WORK TASK.
Set the listing down again in full, word for word, with the pictures left out.

*** GIVEN MATERIAL ***

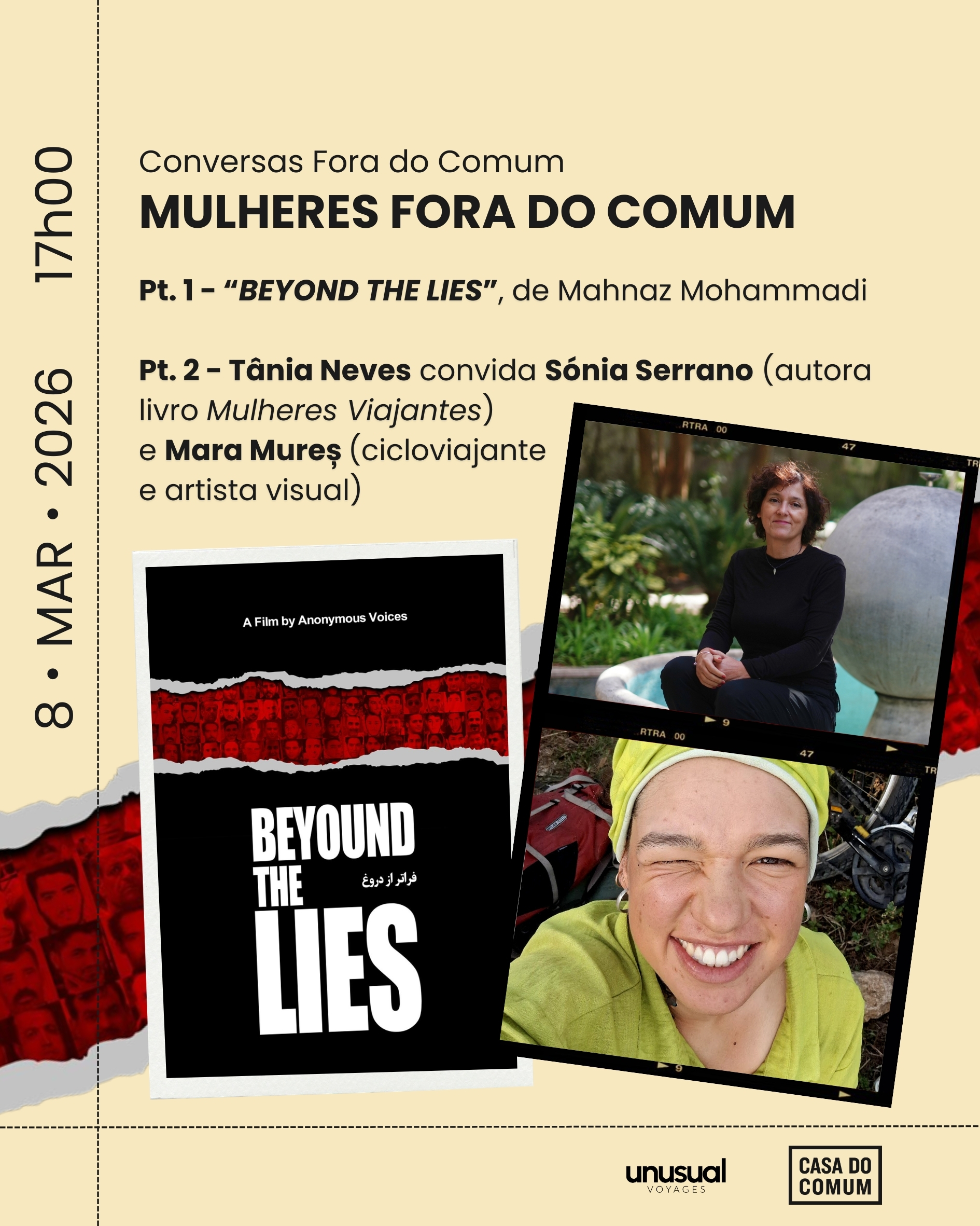 No dia 8 de março, Dia Internacional da Mulher, as Conversas Fora do Comum propõem uma sessĂŁo dedicada a mulheres que romperam fronteiras — geográficas, polĂticas e simbĂłlicas.
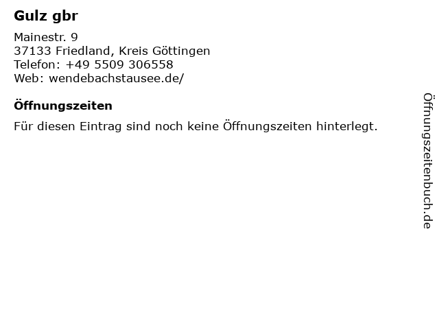 | Öffnungszeiten Gulz gbr in Friedland, Kreis Göttingen anzeigen | |
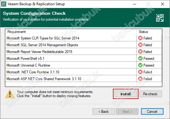 System Configuration Check ekranın da Veeam Backup & Replication 11 kurulumu için gerekli olan yazılımların Windows Server işletim sistemimiz üzerinde kurulması için Install diyoruz.

*** End of GIVEN MATERIAL ***

FINISHED TASK.
 No dia 8 de março, Dia Internacional da Mulher, as Conversas Fora do Comum propõem uma sessĂŁo dedicada a mulheres que romperam fronteiras — geográficas, polĂticas e simbĂłlicas.
 | Öffnungszeiten Gulz gbr in Friedland, Kreis Göttingen anzeigen | |
 System Configuration Check ekranın da Veeam Backup & Replication 11 kurulumu için gerekli olan yazılımların Windows Server işletim sistemimiz üzerinde kurulması için Install diyoruz.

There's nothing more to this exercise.